PROJECT FOLDERS AND FILES

PROJECT SETUP AND UTILITY MODULES (Flow chart of how we arrange the folders) :

(first)create the Project template.py that will  provide code for creating the folders , subfolders and files  according to the flowchart below instead of creating each manually
   

HATE classification(root folder)
        COMPONENTS folder
            data_ingestion.py
            data transformation.py
            model trainer.py
            model_evaluation.py
            model_pusher.py
       (fifth) CONFIGURATION folder
            s3 operations.py
        CONSTANTS folder
                artifact_entity.py
                config_entity.py
        EXCEPTIONS folder
        LOGGER folder
        PIPELINE folder
           train_pipeline.py
           Prediction_Pipeline.py
        UTILS  folder
          main_utils.py
        ML folder
          feature
          models
    main or app.py
    jupyuter_notebook.py
    requirement.txt
    Dockerfile
    setup.py   
    .dockerIgnore 
(second)setup the requiremnts
 cofigure GCP 
(third)Logging 
(fourth)Exception


(sixth)project workflow(flowchart of the project folders)
      (sixth)project notebook experiment jupyter done in Google colab;  how we can do the project on a jupyter notebook
       Data Preprocessing---handle missing values, encode categorical values, scale numerical features
       EDA
       feature engineering--- engineering new features based on the knowledge  and insights from the EDA
       Model building ---- train and evaluate several models  to ge the best
       Model evaluation ----evaluate the trained models so as to choose the best model
    (seventh)
   Update the constants folder
   update the cofigurations folder
   update the  artifacts folder
   update the components folder
   update the pipeline folder
   update the main file or the app.py

COMPREHENSIVE PACKAGES OVERVIEW

1. Data Ingestion Module

Class: DataIngestion

Method: get_data_from_source()

    Fetch data from APIs, databases, or remote servers.
    Handle authentication, error handling, and retries for robustness.
    Logging: Log every data retrieval step.

Method: read_csv(file_path)

    Load data from CSV or other file formats.
    Error Handling: Handle cases where the file doesn’t exist or is corrupted and provide useful error messages.
    Logging: Log the path of the file and the shape of the dataset.

Method: ingest_data()

     A final method that calls the other two methods to either fetch the data from the source or read from local files, based on user input or configuration.

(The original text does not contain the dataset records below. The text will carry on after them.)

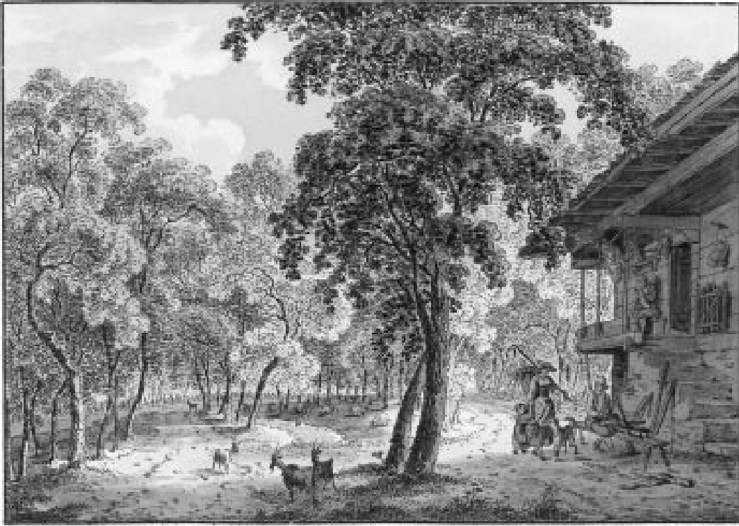
Abbildung 3: Ziegenweide in lichtem Wald 1808 (bei Bönigen, Franz Niklaus König, Umrissradierung koloriert, aus dem Album «Souvenirs des Environs d'Unterseen et d'Interlaken», Schweizerische Landesbibliothek Bern, Sammlung R. und A. Gugelmann).

populärwissenschaftlichen Buch «Schöner Wald in treuer Hand» zugunsten der Wytweiden sogar landschaftsästhetische Argumente. «Wir möchten die bestockten Weiden auch im Landschaftsbild nicht missen, denn sie geben diesem mit ihren tief beasteten Wettertannen oder dem lichten Grün ihrer Lärchen, mit dem Geläute weidender Herden und dem Spiel von Licht und Schatten, einen ganz besonderen Reiz.» 68 In dieser positiven Bewertung ist der Keim angelegt, dass sich diese Form von Waldweide bis heute gehalten hat.
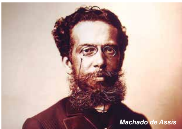
Machado de Assis
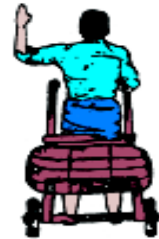
ပုံ ၁၂၈ ဆွဲလှည်း
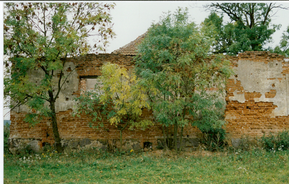
6. Elewacja północna oficyny
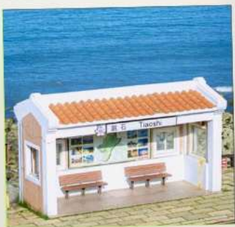
Tiaoshi Bus Station
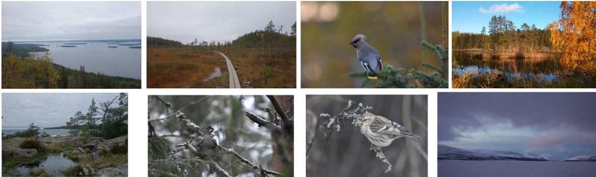
Der Koli Nationalpark, der Pyhä-Häkki Nationalpark, ein Seidenschwanz, der Konnevesi Nationalpark, Åland, ein Haselhuhn, ein Birkenzeisig, Kilpisjärvi mit Blick nach Schweden und Norwegen.

unternommen, die sich spontan während der Pride-Week gebildet hat. Die Organisation JKL Seta bietet auch auf Englisch regelmäßig Treffen für queere Menschen an.
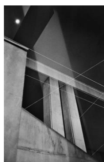
Jean Dieuzaide, Palais de Tokyo , Paris 1956. Mairie de Toulouse, Archives municipales
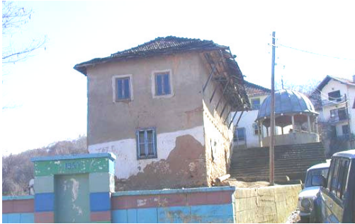
L'école de Llubovisht avant et après la rénovation par la DDC

La Direction du Développement et de la Coopération (DDC), Suisse, était déjà très active au Kosovo : Reconstruction d'institutions sociales, en particulier des écoles : 33 écoles, dont 10 constructions neuves, pour environ 10'000 écoliers et écolières. (Bulletin de la DDC de 2003)
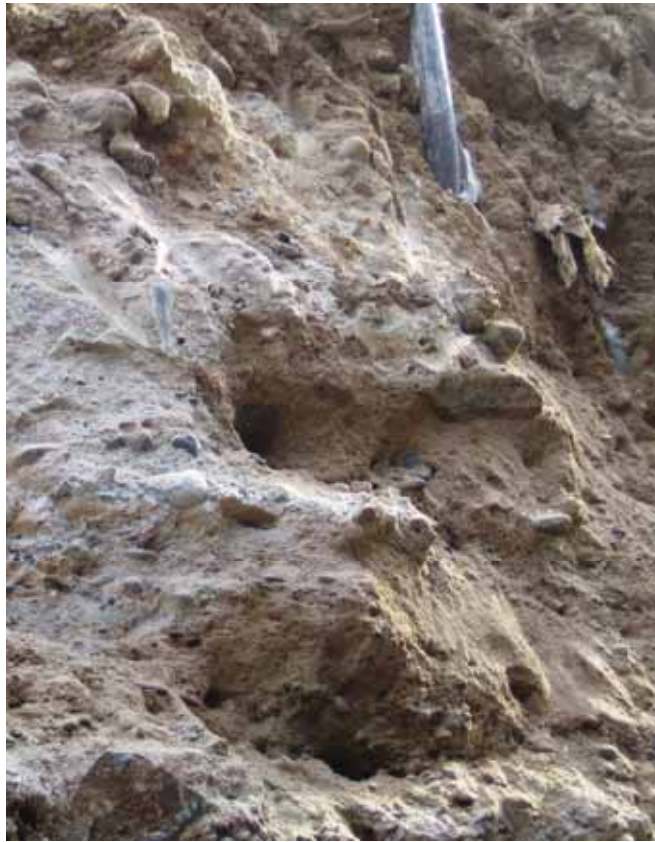
[Figura 4] Detalle del terreno excavado.

ejecutada sin agua para reducir al máximo la alteración de las propiedades del mismo. El diámetro de perforación fue de 113 mm [Figura 5].

2. Data Transformation Module

Class: DataTransformation

Method: drop_columns(columns_to_drop)

    Drop unnecessary columns that are not useful for the classification model.
    Perform checks to avoid dropping critical columns accidentally.
    Logging: Log the list of columns dropped.

Method: normalize_data()

    Normalize numerical features if applicable.
    Ensure compatibility with downstream processes (like embedding layers for text).
    Log the columns being normalized.

Method: lemmatize_or_stem(text_column)

    Provide an option to either stem or lemmatize the text.
    Log the choice
    Use libraries like nltk or spacy for the text processing.
                                def lemmatize_or_stem(self, df, text_column, method='lemmatize'):
                            try:
                                if method == 'lemmatize':
                                    lemmatizer = WordNetLemmatizer()
                                    df[text_column] = df[text_column].apply(lambda x: ' '.join([lemmatizer.lemmatize(word) for word in x.split()]))
                                    logging.info(f"Applied lemmatization on {text_column}")
                                elif method == 'stem':
                                    stemmer = PorterStemmer()
                                    df[text_column] = df[text_column].apply(lambda x: ' '.join([stemmer.stem(word) for word in x.split()]))
                                    logging.info(f"Applied stemming on {text_column}")
                                return df
                            except Exception as e:
                                logging.error(f"Error occurred during {method} on {text_column}")
                                raise CustomExcecptionError(e, f"Error in {method} method.")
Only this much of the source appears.